Actually torchvision now supports batches and GPU when it comes to transformations (this is done on torch.Tensors instead of PIL images), so one should use it as an initial improvement.

See here for more info about this release. Also those act as torch.nn.Module, hence can be used inside a model, for example:

transforms = torch.nn.Sequential(
    T.RandomCrop(224),
    T.RandomHorizontalFlip(p=0.3),
    T.ConvertImageDtype(torch.float),
    T.Normalize([0.485, 0.456, 0.406], [0.229, 0.224, 0.225])
)

Furthermore, those operations could be JITed possibly improving the performance even further.

torchvision < 0.8.0 (original answer)

Increasing batch_size won't help as torchvision performs transform on single image while it's loaded from your disk.

There are a couple of ways one could speed up data loading with increasing level of difficulty:

  • Improve image loading times
  • Load & normalize images and cache in RAM (or on disk)
  • Produce transformations and save them to disk
  • Apply non-cache'able transforms (rotations, flips, crops) in batched manner
  • Prefetching

1. Improve image loading

Easy improvements can be gained by installing Pillow-SIMD instead of original pillow. It is a drop-in replacement and could be faster (or so is claimed at least for Resize which you are using).

Alternatively, you could create your own data loading and processing with OpenCV as some say it's faster or check albumentations (though can't tell you whether those will improve the performance and might be a lot of time wasted for no gain except learning experience).

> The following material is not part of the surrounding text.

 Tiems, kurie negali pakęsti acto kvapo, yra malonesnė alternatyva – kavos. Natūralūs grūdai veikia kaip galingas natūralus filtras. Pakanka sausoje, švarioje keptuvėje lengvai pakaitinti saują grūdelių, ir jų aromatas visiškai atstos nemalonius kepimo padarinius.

2. Load & normalize images & cache

You can use Python's LRU Cache functionality to cache some outputs.

You can also use torchdata which acts almost exactly like PyTorch's torch.utils.data.Dataset but allows caching to disk or in RAM (or mixed modes) with simple cache() on torchdata.Dataset (see github repository, disclaimer: i'm the author).

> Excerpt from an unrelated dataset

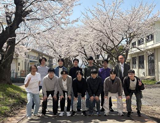 4月3日に新しい研究室配属学生の歓迎会を開催しました.学内棟外での宴会が禁止されているため,室内でのピザパーティでした.写真は満開の桜の前で撮りました.

Remember: you have to load and normalize images, cache and after that use RandomRotation, RandomResizedCrop and RandomHorizontalFlip (as those change each time they are run).

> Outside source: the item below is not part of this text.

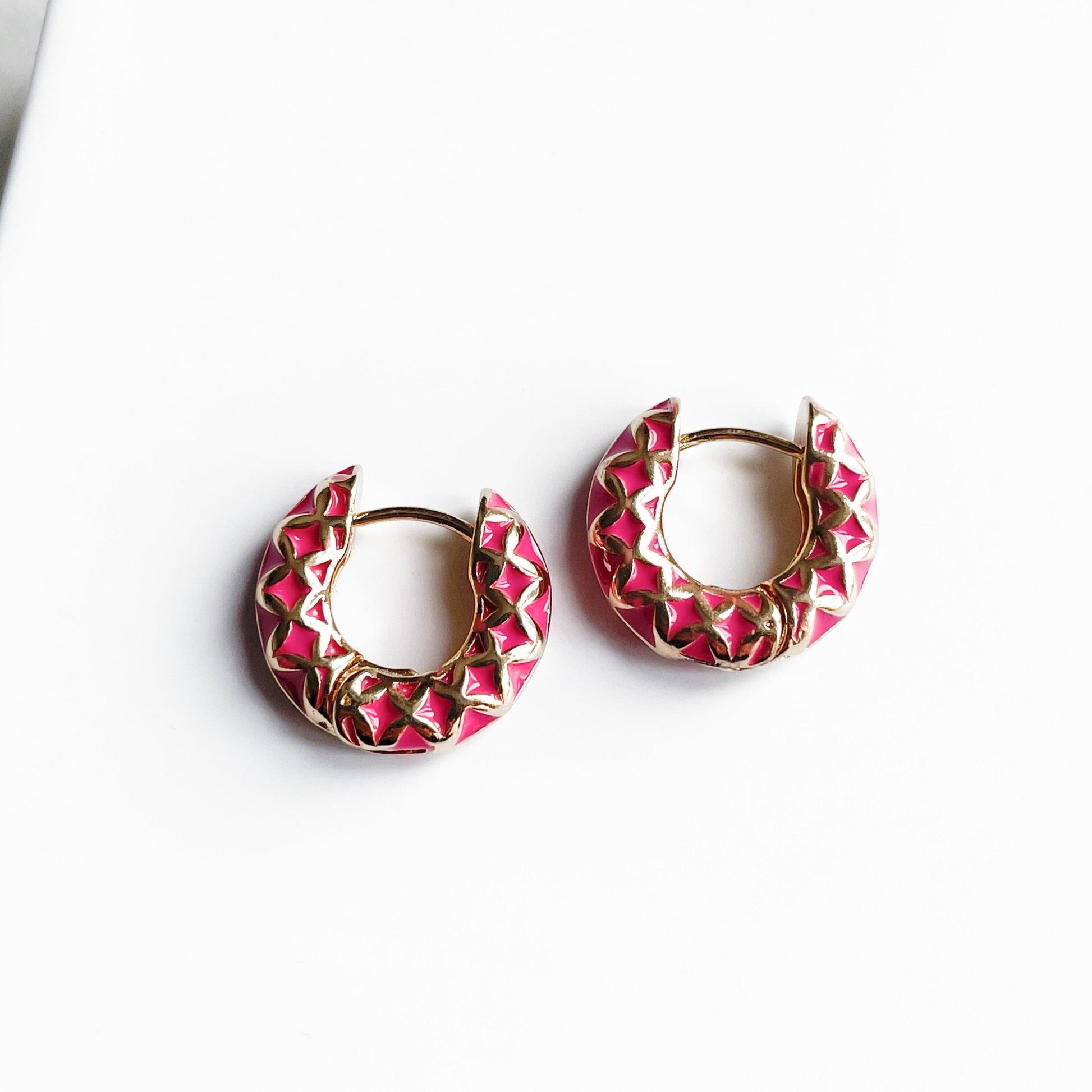 Add an elegant touch to your summer wardrobe with the Rhea Cerise Enamel Hoops. Brilliantly crafted from enamel. Dress up any outfit and enjoy effortless sophistication.

3. Produce transformations and save them to disk

You would have to perform a lot of transformations on images, save them to disk and use this enhanced dataset afterwards. Once again that could be done with torchdata but it's really wasteful when it comes to I/O and hard drive and very inelegant solution. Furthermore it's "static" so the data would only last your for X epochs, it wouldn't be "infinite" generator with augmentations.

4. Batched transformations

torchvision does not support it so you would have to write those functions on your own. See this issue for justification. AFAIK no other 3rd party provides it either. For large batches it should speed up things but implementation is open question I think (correct me if I'm wrong).

5. Prefetch

IMO would be hardest to implement (though a really good idea for the project come to think about it). Basically you load data for the next iteration when your model trains. torch.utils.data.DataLoader does provide it, though there are some concerns (like workers pausing after their data got loaded). You can read PyTorch thread about it (not sure about it as I didn't verify on my own). Also, a lot of valuable insight provided by this comment and this blog post (though not sure how up to date those are).

All in all to substantially improve data loading you would need to get your hands quite dirty (or maybe there are libraries doing this some of those for PyTorch, if so,I would love to know about them).

Also remember to profile your changes, see torch.nn.bottleneck

EDIT: DALI project might be worth checking out, though AFAIK it has some problems with RAM memory growing linearly with number of epochs.